From “An Eleventh Dynasty Farmer’s Letters to His Family” by Klaus Baer, in The Journal of the American Oriental Society, January-March, 1963
As the tale unfolds, the various characters in Death Comes as the End come vividly to life – more so than in some of the other Christie works I’ve read. Renisenb is especially appealing:
She would sit in the shade of the rock chamber entrance with one knee raised and her hands clasped round it, and stare out over the green belt of cultivation to where the Nile showed a pale gleaming blue and beyond it to a distance of pale soft fawns and creams and pinks, all melting hazily into each other.
She had come the first time, months ago now, on a sudden wish to escape from a world of intense femininity. She wanted stillness and companionship—and she had found them here. The wish to escape was still with her, but it was no longer a mere revulsion from the stress and fret of domesticity.
Also the writing, as you may perceive in this passage, is somewhat more poetic than that which one normally encounters in Christie’s novels, focused as they usually are on the relentless advancing of the plot. (And I have to say, I love that aspect of her writing!)
At any rate, Renisenb is the most appealing of the dramatis personae in this book. That is just as well, because as events move forward, the others begin to drop like flies….
For a more detailed summary of the plot, have a look at this article on the BBC site. Be wary, though: this piece comes dangerously close to containing spoilers. Actually, what it reveals is how cunningly Christie has made use of the content of the remarkable Hekanakht Letters.
Chapter Three of the novel concludes thus, with Esa speaking:
“Men are made fools by the gleaming limbs of women, and lo, in a minute they are become discoloured cornelians. . . .”
Her voice deepened as she quoted:
“A trifle, a little, the likeness of a dream, and death comes as the end . . .”

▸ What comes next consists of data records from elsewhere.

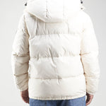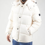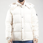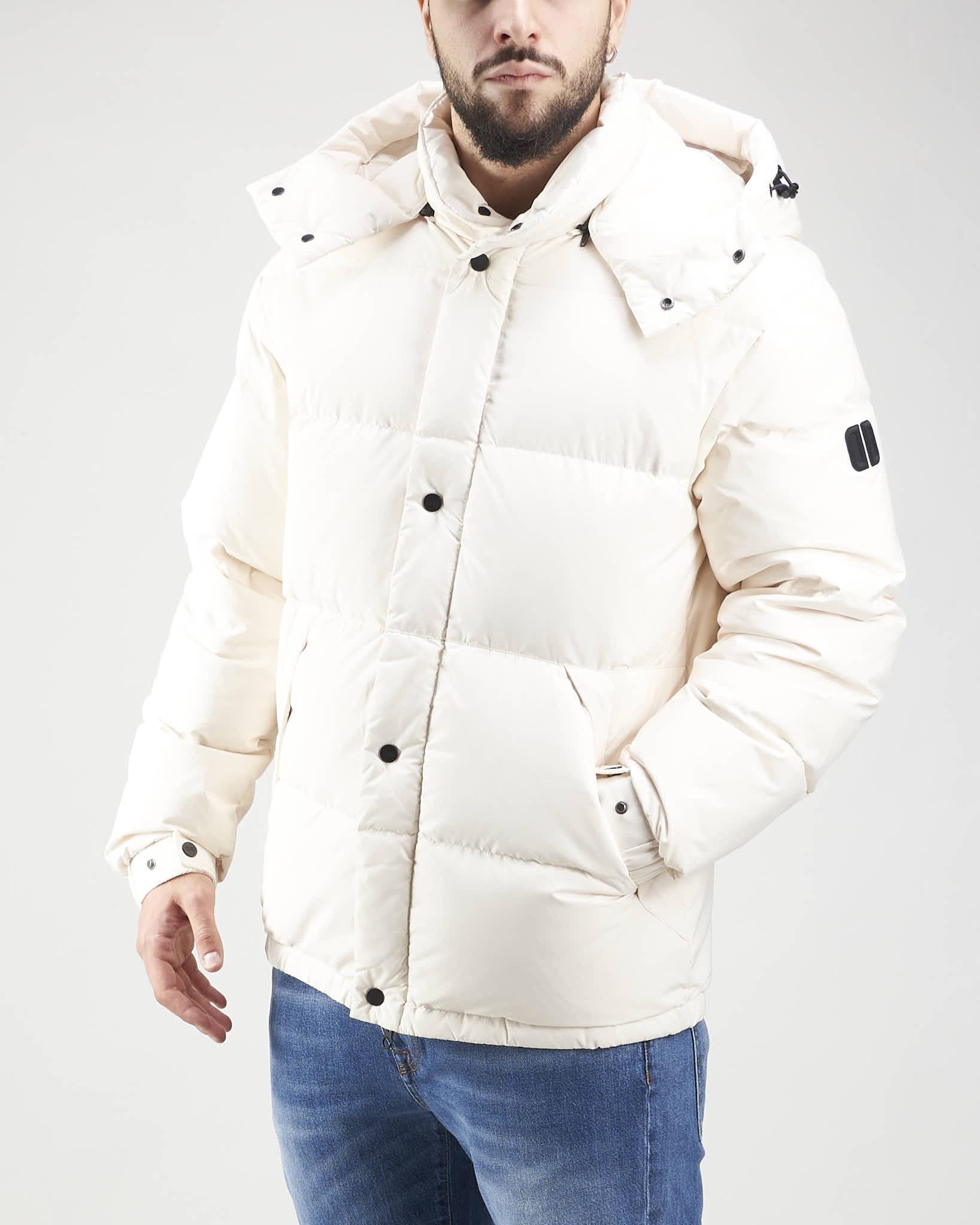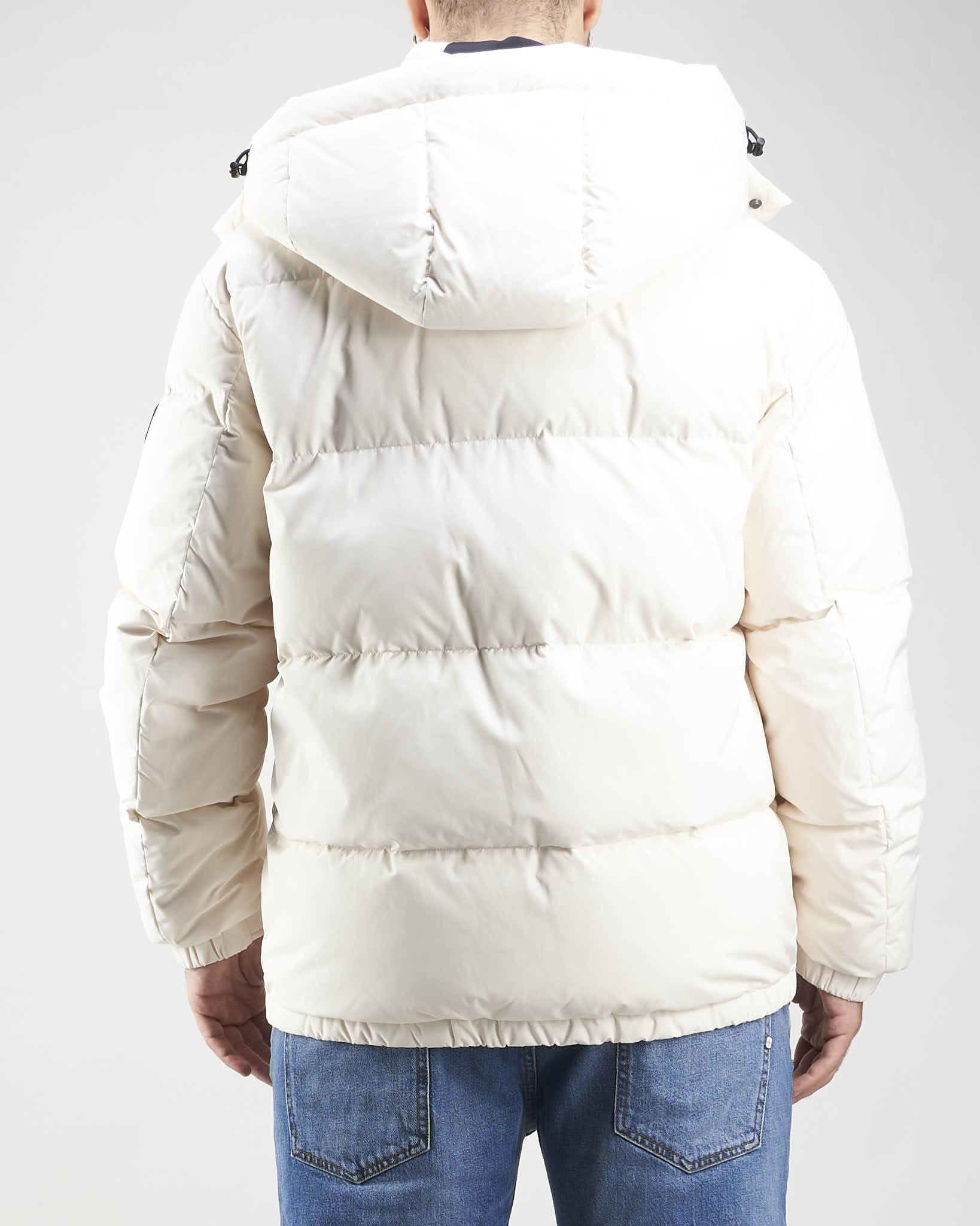Piumino trapuntato in microfibra con cappuccio staccabile e regolabile con coulisse e chiusura con bottoni automatici. Collo a piantana con dettaglio in neoprene con logo in rilievo sul retro, doppia chiusura frontale con cerniera a doppio cursore e bottoni automatici e tasche laterali antivento di ispirazione militare con chiusura a bottone automatico. Polsino con elastico nascosto e bracciale regolabile con bottone a pressione. Tasche interne multifunzionali con cerniera, tracolla staccabile per trasportare il capo sulla spalla ed elastico nascosto sul fondo per regolare la vestibilità.
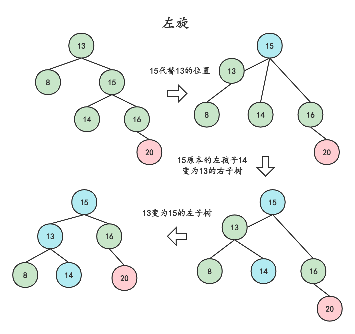 通过上述操作,我们把15向上旋转了,让原本的父节点13作为了15的左孩子,此时就变成了三叉树,需要将15原本的左子树接到13的右孩子处(这样,15也是二叉树,14的位置也是对的)
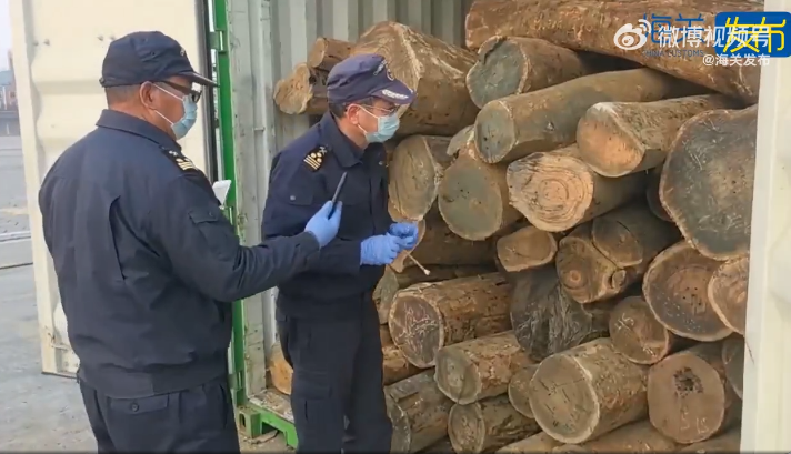 近日,广州海关所属佛山海关关员在对2批进口原木进行查验时,发现集装箱内壁附着不少蜘蛛网。经进一步检查,现场关员在集装箱内截获4只活体蜘蛛。

Christie does not provide an attribution for this quote. I thought perhaps she herself had invented it. But it turns out to be one of the sayings of Ptah-hotep:
The Maxims of Ptahhotep or Instruction of Ptahhotep is an ancient Egyptian literary composition based on the Vizier Ptahhotep’s wisdom and experiences. The Instructions were composed by the Vizier Ptahhotep around 2375-2350 BC, during the rule of King Djedkare Isesi of the Fifth Dynasty.[1] The text was discovered in Thebes in 1847 by Egyptologist M. Prisse d’Avennes.[2] The Instructions of Ptahhotep are called wisdom literature, specifically under the genre of Instructions that teach something.[3] There are four copies of the Instructions, and the only complete version, Papyrus Prisse, is located in the Bibliothèque Nationale in Paris. (Wikipedia)
Here is the complete quotation:
If you would prolong friendship in a house to which you have admittance, as master, or as brother, or as friend, into whatsoever place you enter, beware of approaching the women. It is not good in the place where this is done. Men are made fools by their gleaming limbs of carnelian. A trifle, a little, a likeness of a dream, and death comes as the end of knowing her.
The title of this post is taken from a translation of the first Hekanakht Letter. More of this text can be found on the Metropolitan Museum of Art website.
This is a tomb painting of Nefertari. I like to think that with her placid, far-seeing beauty, this young woman looks a bit like Renisenb.